Anyone knows if this also works with the DNS-alias technique? I have a domain without the ability to add API-access but have a dummy domain with it. I'm able to use the dummy domain for normal certificates. But trying out wildcards doesn't work yet.
Finally got it to work :D
Great video. Everything Works now
But i want to use the fqdn internal like for instance a bitwarden server needs HTTPS in browser. I setup my Pihole to internal have DNS records set but i cant get it to work that HAproxy gives the SSL to the domain internal.
Hi everyone
I think I have broke my connection with my router I can not connect and I get the wildcard cert instead the SSL and one last thing for Tom good video and informative but I can not make it work with Nextcloud . Can you please make one video on how to connect to a jail for instance (Nextcloud)
Thanks
Great video setup got it working thanks
Thank you for the video. I just have one question, what if I'm trying to create an internal SSL for my Synology NAS, since I'm routing all traffic to the LAN IP, when I do SMB to mount a folder it doesn't find the NAS
SMB does not work via HAProxy
Great video, thanks!
@Lawrence Systems at 16:50, you mentioned you have multiple LAN on your office, any guidance on how to do this with multiple Subnets (LANs), I have a couple of services running on a different LAN and I haven't be able to get it working. (Main LAN is working flawlessly)
You just have to have rules that allow those other subnets to reach the HAProxy ports
awesome, I thought I did, but I'll take a more detailed look to the rules and see if I can figure it out.
Thanks!
Thank you!
This can be really useful! Thanks
Many thanks
I have followed as Tom did and did not work at all i need help if anybody has some spare time!
The guy has noble intentions, but his videos are scatterbrained caveman mumblings... could be much more logical and coherent.

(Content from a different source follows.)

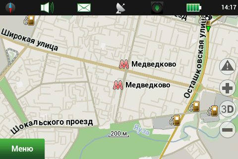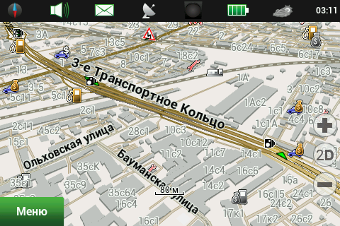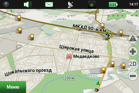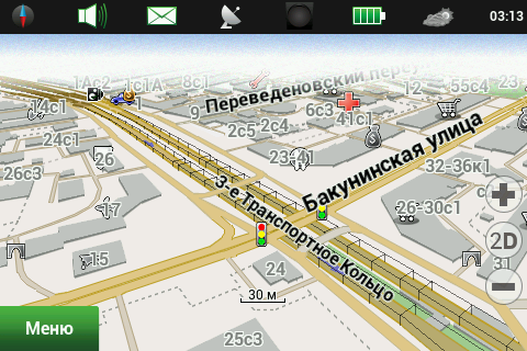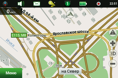 Лицензионная политикаПродукт предназначен для установки на одно устройство. Карты приобретаются для использования с одним продуктом. Продукт может быть перерегистрирован на любое другое устройство три раза. Исключение составляет продукт для iOS (iPhone и iPad), который можно переносить пять раз, но только на устройства Apple. Все остальные версии можно переносить три раза, на любую операционную систему, кроме iOS. Использовать продукт на трех устройствах одного пользователя можно, но это нарушает лицензию. Таков был ответ технической поддержки. Мы считаем, что условия использования программы, и особенно карт, не способствуют лицензионному использованию. Также отметим, что существует практика прекращения поддержки устройств, если их производитель/дистрибутор вдруг перестал быть угодным ЗАО «ЦНТ». Таким образом, в предпочтительном положении находятся покупатели автомобильных навигаторов, выпущенных под маркой «Navitel». Возможности навигационной программыВ этой статье мы подробно рассмотрим все возможности, предоставляемые навигационной программой «Навител Навигатор». В качестве тестового устройства выступит Garmin-ASUS A10, также побывавший в нашей лаборатории. Соответственно, версию «Навител Навигатор» мы возьмем 5.5.1.0 (особая благодарность службе технической поддержки компании ЗАО «ЦНТ», которая продлила тестовый период, что позволило завершить тестирование на лицензионной версии программы). Версии для других устройств и операционных систем могут иметь некоторые отличия, рассмотреть их все мы не имеем возможности. В процессе тестирования и снятия скриншотов мы старались максимально использовать установки по умолчанию. В целях экономии интернет-трафика и сохранения относительно компактного размера статьи большинство скриншотов открываются по текстовым ссылкам (достаточно щелкнуть по ссылке, скриншот откроется во всплывающем окне без перезагрузки страницы), суммарный размер графики в статье — 5 МБ. Использовался установленный по умолчанию скин Navitel в дневном варианте. Ночной вариант скина предназначен для уменьшения засветки глаз водителя при движении в темноте. ![]() Во время тестирования надобности в ночном режиме не возникало, минимальный уровень подсветки навигационного устройства обеспечивает комфортное восприятие даже в полной темноте. На официальном сайте программы доступно пять официальных скинов и множество пользовательских. Начиная с версии 5.5.х.х, «Навител Навигатор» получил обновленный интерфейс. Появился статус-бар, куда переместились иконки настроек режима отображения, звука, онлайн-сервисов, а также индикатор батареи и часы. Можно выбрать только нужные элементы, а если отключить их все, статус-бар пропадает, оставляя больше места для отображения карты. Пункты меню перегруппированы, они стали несколько более логичными и понятными. Отображение карты«Навител Навигатор» может показывать карту в стандартном и панорамном режимах, причем в панорамном режиме только на масштабах мельче 300 метров. По мере укрупнения масштаба происходит увеличение наклона карты. Строения на карте отображаются без учета их этажности, плоскими многоугольниками одинаковой высоты. Многоуровневые развязки и тоннели довольно наглядно отображаются в панорамном режиме. В стандартном виде тоннели выделены цветом, а эстакады можн

First time I have been described as "scatterbrained caveman mumblings" 😀
@@LAWRENCESYSTEMS sorry, I hoped you could laugh at that... I'm not smart enough to understand the wizardry
I'll do some mumbling myself... any drawbacks jump out at you for a config involving: a virtual IP on LAN side that 80/443 is NAT'd to then HAProxy listens on this LAN virtual IP. Keeps the HAProxy traffic on the LAN side instead of tromboning through the pfsense. Random thought
@@jonathanpitt6126 yeah I am not smart enough to understand how to create an API KEY either.
So for private servers accessed through VPN, it seems like you still need a specific individual domain with a public entry in order to resolve without SSL errors? If I am understanding that right, that's the way to go for VPN clients, and then wildcard for everything else that won't be accessed via VPN?
Not necessarily. You can push your internal dns server for use by anyone over VPN. For openvpn You add push "script-security 2" push "dhcp-option DNS " or add them to each individual config file. You can also push a domain with dhcp-option DOMAIN
First
First, yes, but LAST in advancing the knowledge pool.